------ Provided entries

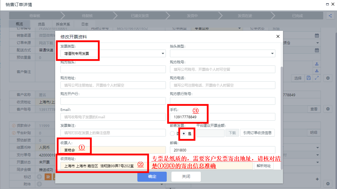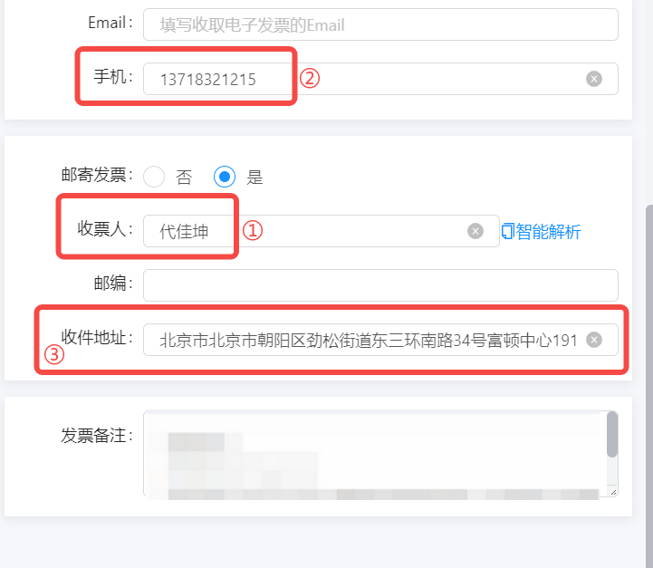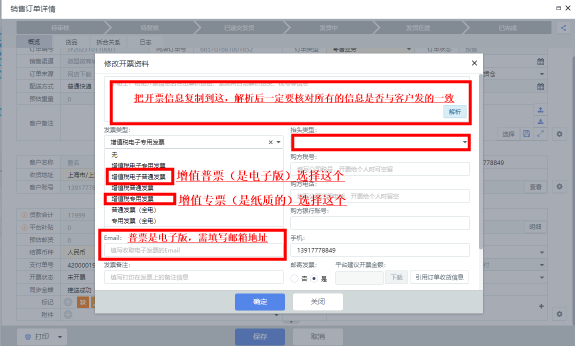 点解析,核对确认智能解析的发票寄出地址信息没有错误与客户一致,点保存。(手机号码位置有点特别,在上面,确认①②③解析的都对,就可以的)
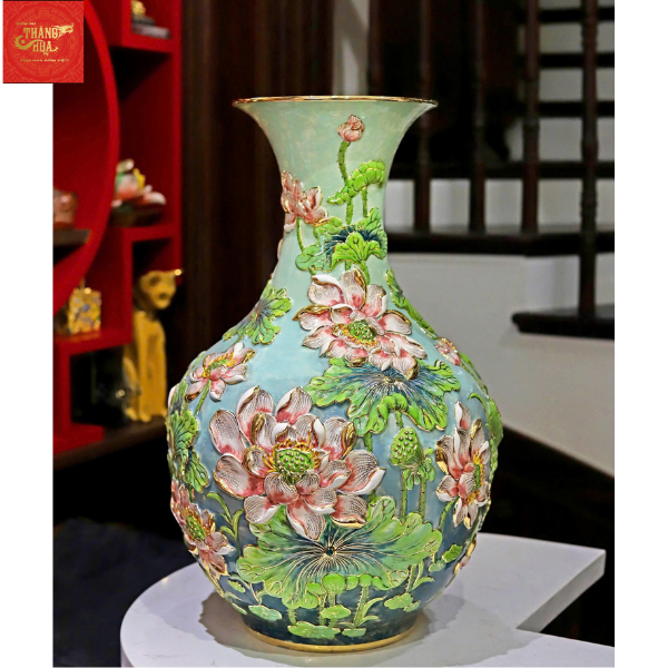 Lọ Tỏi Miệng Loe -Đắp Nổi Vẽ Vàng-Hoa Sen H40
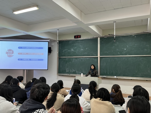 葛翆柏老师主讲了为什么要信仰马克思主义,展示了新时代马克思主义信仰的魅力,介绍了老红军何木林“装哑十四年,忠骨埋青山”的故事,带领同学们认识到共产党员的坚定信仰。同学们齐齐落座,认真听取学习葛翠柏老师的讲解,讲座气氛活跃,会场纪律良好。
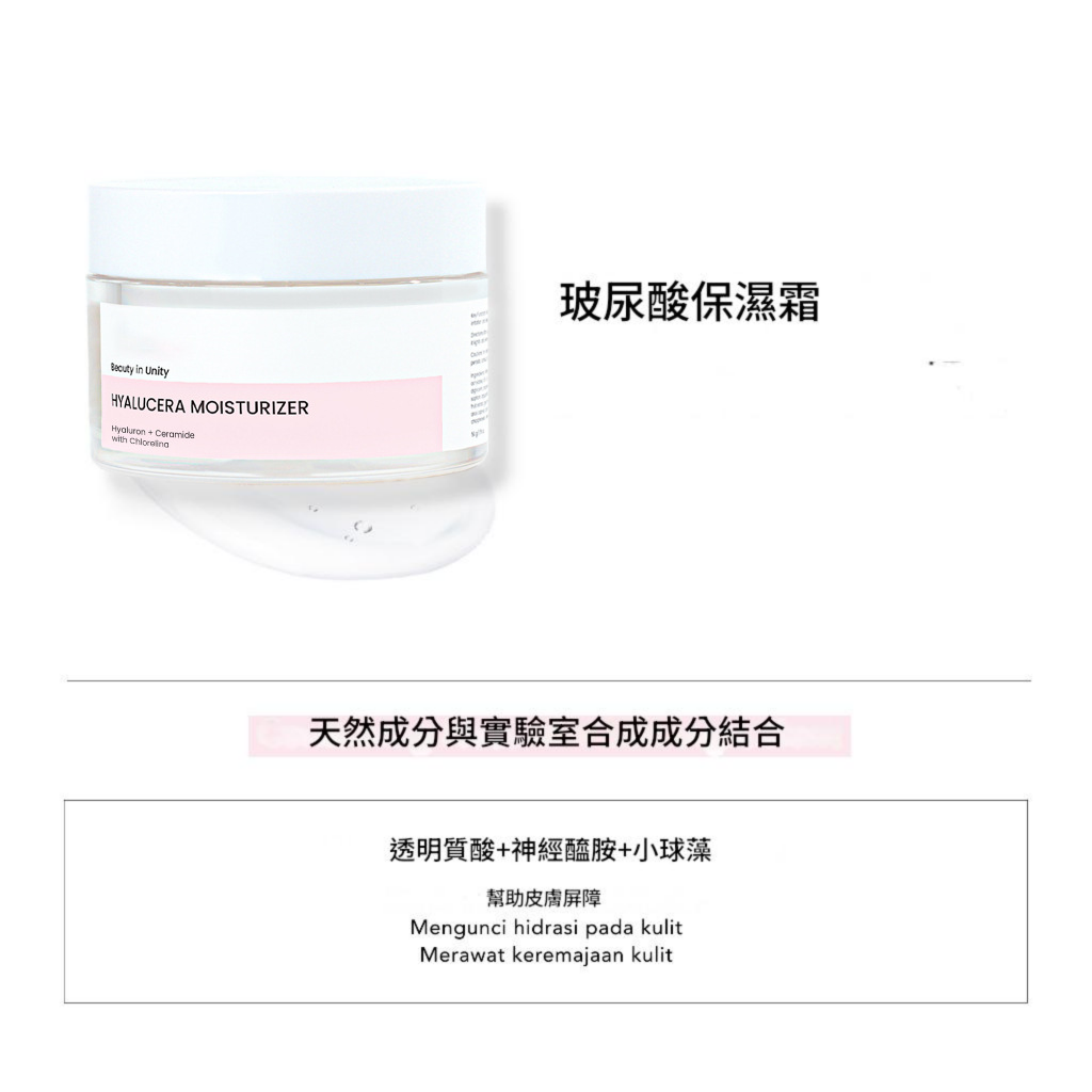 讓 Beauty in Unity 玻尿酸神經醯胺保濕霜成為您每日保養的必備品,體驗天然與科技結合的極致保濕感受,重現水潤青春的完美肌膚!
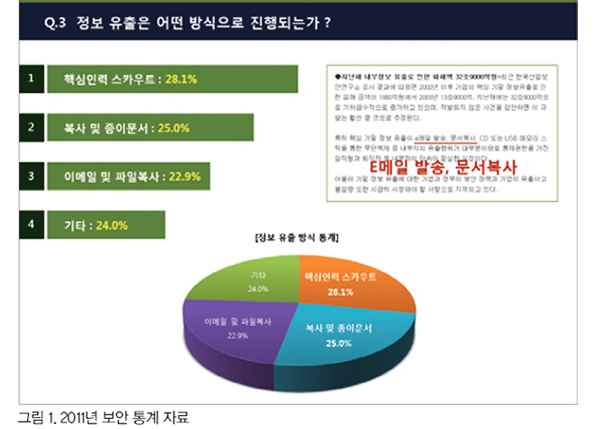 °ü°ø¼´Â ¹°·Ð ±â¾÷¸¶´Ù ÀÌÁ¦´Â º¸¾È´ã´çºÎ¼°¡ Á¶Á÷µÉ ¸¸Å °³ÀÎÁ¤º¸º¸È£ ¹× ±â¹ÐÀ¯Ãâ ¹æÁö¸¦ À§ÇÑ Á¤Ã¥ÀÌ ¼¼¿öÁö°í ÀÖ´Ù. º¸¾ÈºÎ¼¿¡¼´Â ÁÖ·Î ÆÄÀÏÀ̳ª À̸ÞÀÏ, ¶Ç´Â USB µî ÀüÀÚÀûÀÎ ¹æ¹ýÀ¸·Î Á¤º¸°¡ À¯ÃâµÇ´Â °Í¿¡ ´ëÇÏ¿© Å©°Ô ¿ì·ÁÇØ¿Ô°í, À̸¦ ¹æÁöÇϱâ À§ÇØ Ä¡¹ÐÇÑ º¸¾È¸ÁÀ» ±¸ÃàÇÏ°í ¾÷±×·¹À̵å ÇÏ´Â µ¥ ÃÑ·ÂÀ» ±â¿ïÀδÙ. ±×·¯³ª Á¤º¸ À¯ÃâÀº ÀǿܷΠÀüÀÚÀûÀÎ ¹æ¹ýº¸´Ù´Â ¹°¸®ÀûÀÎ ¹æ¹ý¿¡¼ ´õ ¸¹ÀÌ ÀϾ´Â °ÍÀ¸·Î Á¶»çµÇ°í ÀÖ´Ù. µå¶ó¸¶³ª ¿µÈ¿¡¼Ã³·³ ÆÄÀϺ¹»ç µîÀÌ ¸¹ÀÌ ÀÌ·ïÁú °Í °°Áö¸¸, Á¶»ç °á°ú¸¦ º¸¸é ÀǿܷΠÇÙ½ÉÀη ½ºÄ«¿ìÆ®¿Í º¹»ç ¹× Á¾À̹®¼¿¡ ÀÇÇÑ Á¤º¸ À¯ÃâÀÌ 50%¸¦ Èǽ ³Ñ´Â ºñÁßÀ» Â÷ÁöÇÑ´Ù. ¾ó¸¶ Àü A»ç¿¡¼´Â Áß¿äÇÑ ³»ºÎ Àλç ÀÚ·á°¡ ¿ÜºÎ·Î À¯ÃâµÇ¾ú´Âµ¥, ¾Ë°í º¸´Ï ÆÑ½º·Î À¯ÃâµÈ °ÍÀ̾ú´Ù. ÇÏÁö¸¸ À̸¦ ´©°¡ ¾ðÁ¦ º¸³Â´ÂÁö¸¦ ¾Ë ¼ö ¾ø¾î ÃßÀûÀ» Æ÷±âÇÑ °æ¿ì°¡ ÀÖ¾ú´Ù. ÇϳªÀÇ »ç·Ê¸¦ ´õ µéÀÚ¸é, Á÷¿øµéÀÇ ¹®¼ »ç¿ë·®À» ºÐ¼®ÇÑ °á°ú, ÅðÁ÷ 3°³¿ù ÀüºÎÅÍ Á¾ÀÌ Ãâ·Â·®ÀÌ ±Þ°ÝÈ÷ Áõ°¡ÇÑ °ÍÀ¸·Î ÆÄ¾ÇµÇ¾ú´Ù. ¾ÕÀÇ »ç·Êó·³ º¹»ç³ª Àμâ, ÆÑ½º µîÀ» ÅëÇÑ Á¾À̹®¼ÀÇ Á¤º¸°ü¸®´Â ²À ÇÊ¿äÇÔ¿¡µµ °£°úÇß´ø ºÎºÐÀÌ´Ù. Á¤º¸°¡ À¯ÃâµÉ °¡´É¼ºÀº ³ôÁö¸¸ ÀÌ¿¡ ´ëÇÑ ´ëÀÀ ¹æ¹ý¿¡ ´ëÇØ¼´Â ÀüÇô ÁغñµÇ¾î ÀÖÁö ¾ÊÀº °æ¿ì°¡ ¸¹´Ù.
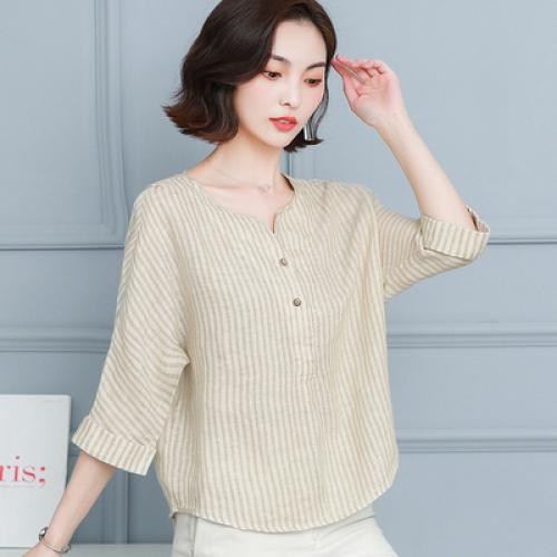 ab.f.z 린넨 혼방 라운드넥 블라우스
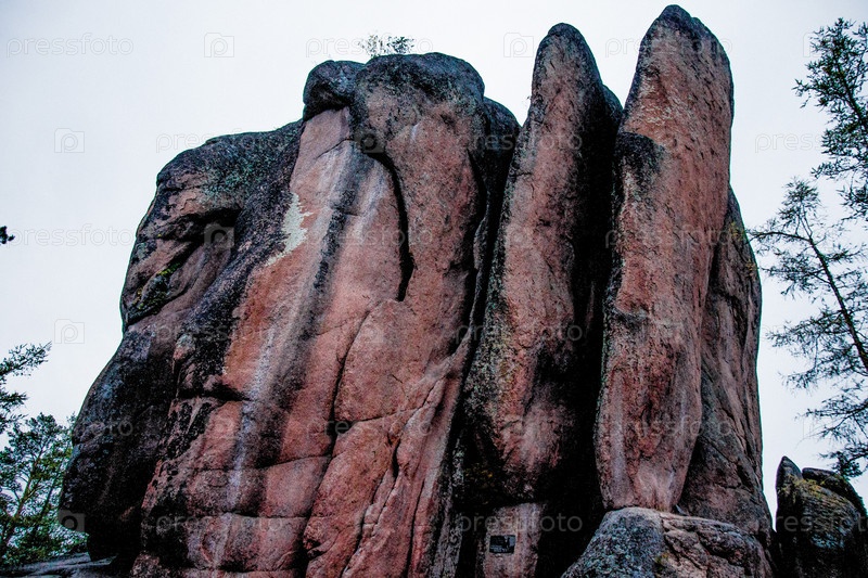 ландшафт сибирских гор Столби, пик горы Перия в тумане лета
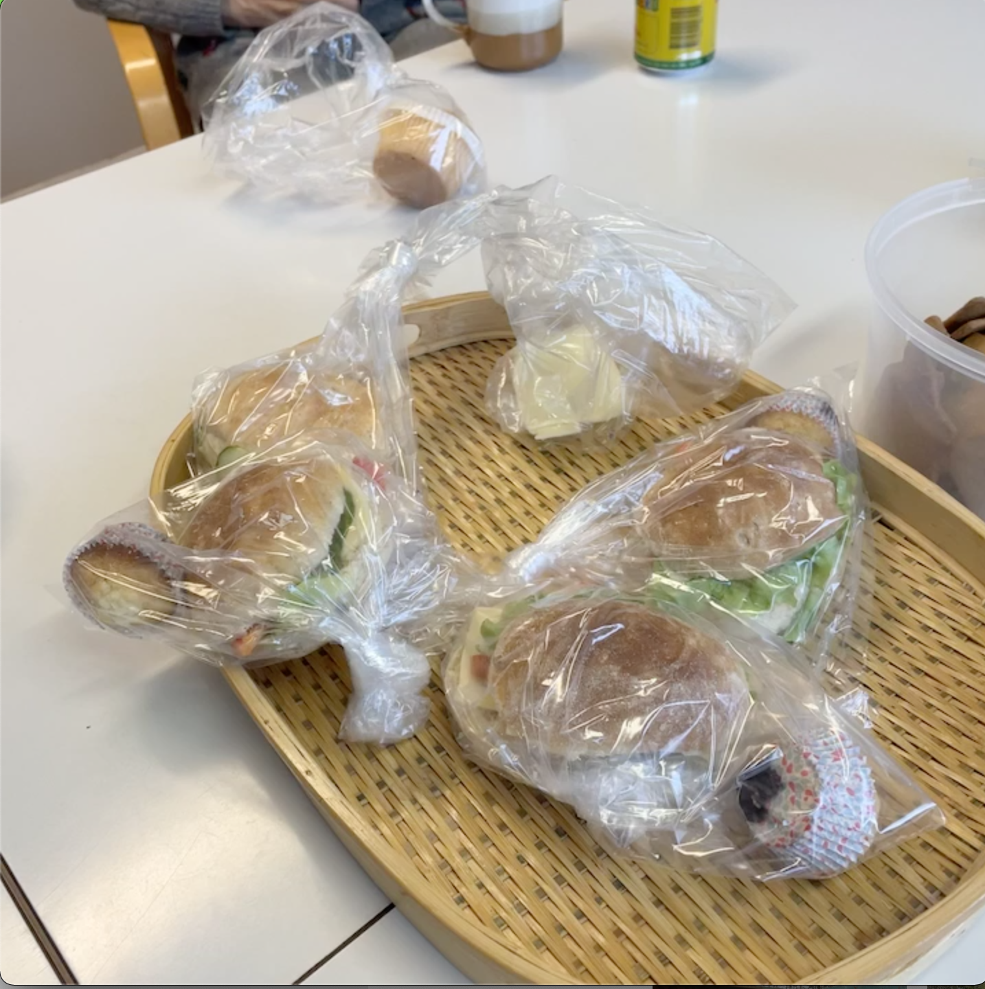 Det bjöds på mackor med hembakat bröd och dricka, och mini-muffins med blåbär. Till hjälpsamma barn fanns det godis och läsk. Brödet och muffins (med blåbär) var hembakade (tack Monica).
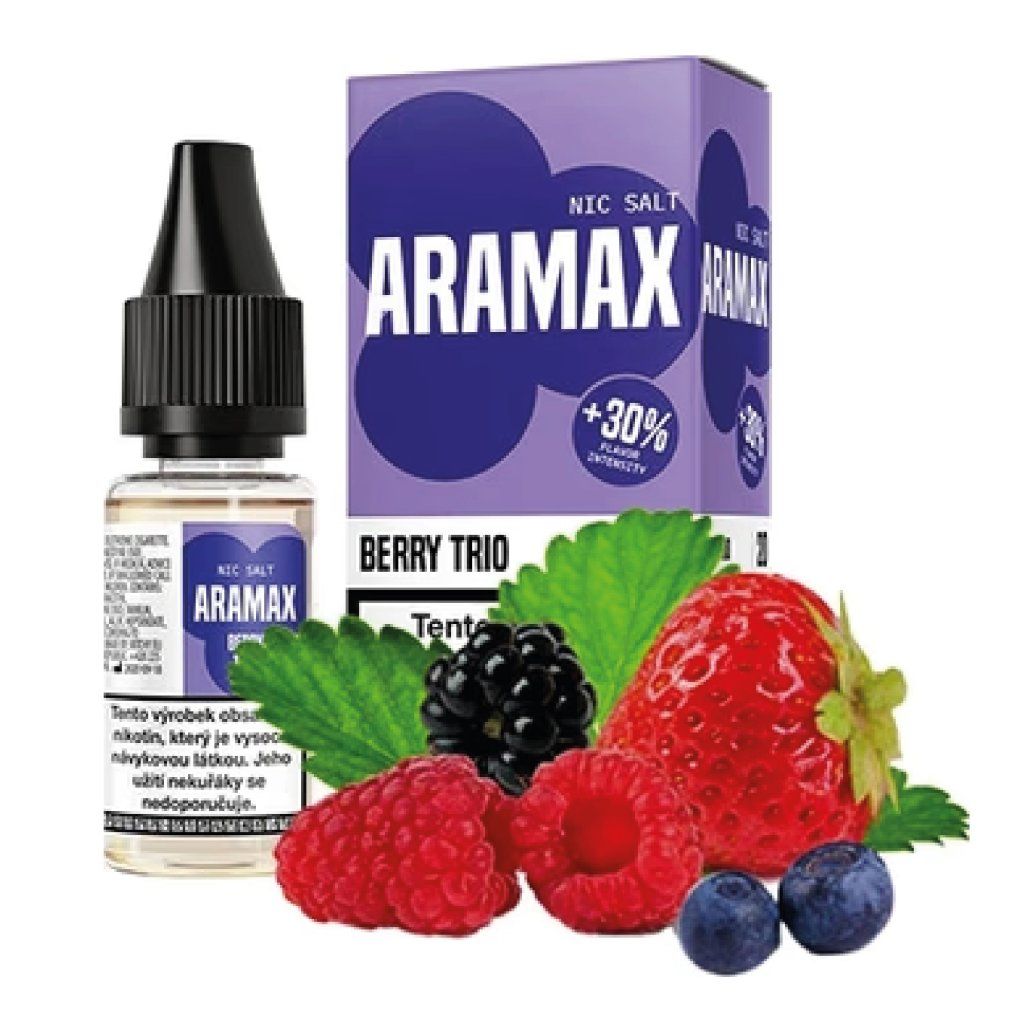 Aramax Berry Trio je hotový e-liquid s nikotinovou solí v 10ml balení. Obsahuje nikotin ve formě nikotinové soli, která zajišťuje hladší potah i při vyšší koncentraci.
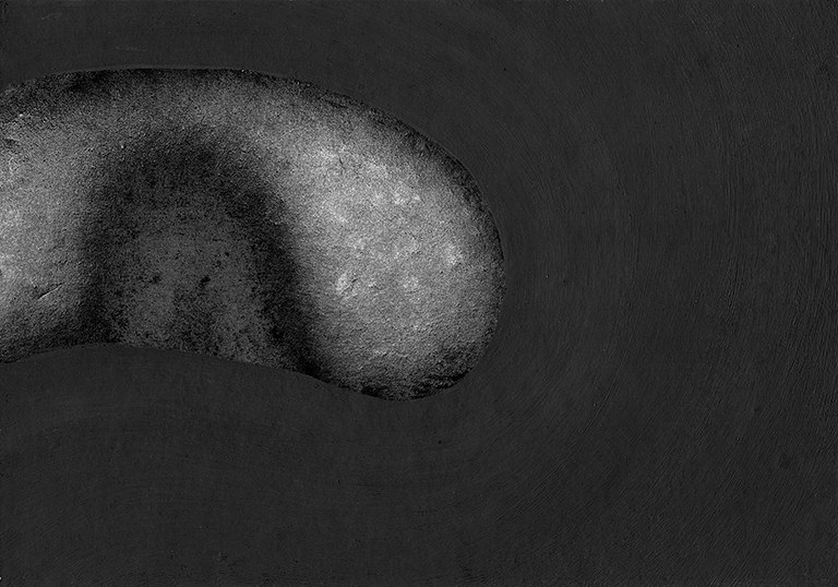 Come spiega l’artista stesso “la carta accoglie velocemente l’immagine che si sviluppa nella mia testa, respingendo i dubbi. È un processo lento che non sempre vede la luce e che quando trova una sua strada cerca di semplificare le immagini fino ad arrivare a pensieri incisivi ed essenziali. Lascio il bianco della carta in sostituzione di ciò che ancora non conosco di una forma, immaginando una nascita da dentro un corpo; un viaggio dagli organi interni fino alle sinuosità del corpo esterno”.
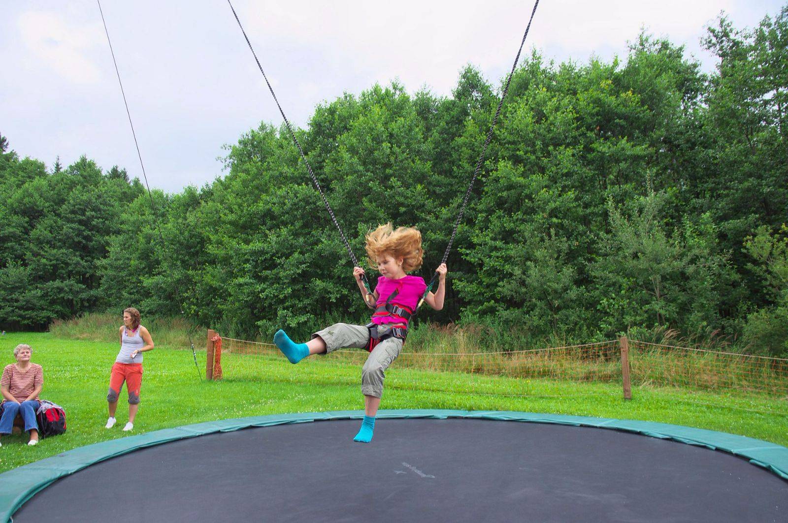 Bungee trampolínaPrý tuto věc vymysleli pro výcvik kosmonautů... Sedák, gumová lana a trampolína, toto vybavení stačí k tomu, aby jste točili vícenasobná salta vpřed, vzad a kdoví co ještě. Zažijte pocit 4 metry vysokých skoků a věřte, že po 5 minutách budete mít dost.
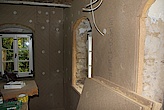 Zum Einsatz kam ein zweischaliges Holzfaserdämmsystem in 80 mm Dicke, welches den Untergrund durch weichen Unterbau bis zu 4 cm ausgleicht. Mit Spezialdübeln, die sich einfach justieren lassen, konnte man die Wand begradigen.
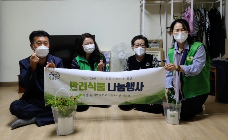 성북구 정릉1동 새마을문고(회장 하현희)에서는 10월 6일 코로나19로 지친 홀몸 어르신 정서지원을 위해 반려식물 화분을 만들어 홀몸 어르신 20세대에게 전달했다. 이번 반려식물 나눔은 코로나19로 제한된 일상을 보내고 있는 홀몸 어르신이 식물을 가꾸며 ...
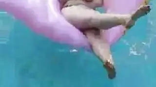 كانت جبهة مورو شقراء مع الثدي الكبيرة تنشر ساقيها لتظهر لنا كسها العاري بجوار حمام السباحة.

------------

**Work request**
Line for line, output the entries above from the line with "ландшафт сибирских гор" to the line with "Aramax Berry Trio", both included, and nothing more. Skip pictures.

**Exercise answer**
 ландшафт сибирских гор Столби, пик горы Перия в тумане лета
 Det bjöds på mackor med hembakat bröd och dricka, och mini-muffins med blåbär. Till hjälpsamma barn fanns det godis och läsk. Brödet och muffins (med blåbär) var hembakade (tack Monica).
 Aramax Berry Trio je hotový e-liquid s nikotinovou solí v 10ml balení. Obsahuje nikotin ve formě nikotinové soli, která zajišťuje hladší potah i při vyšší koncentraci.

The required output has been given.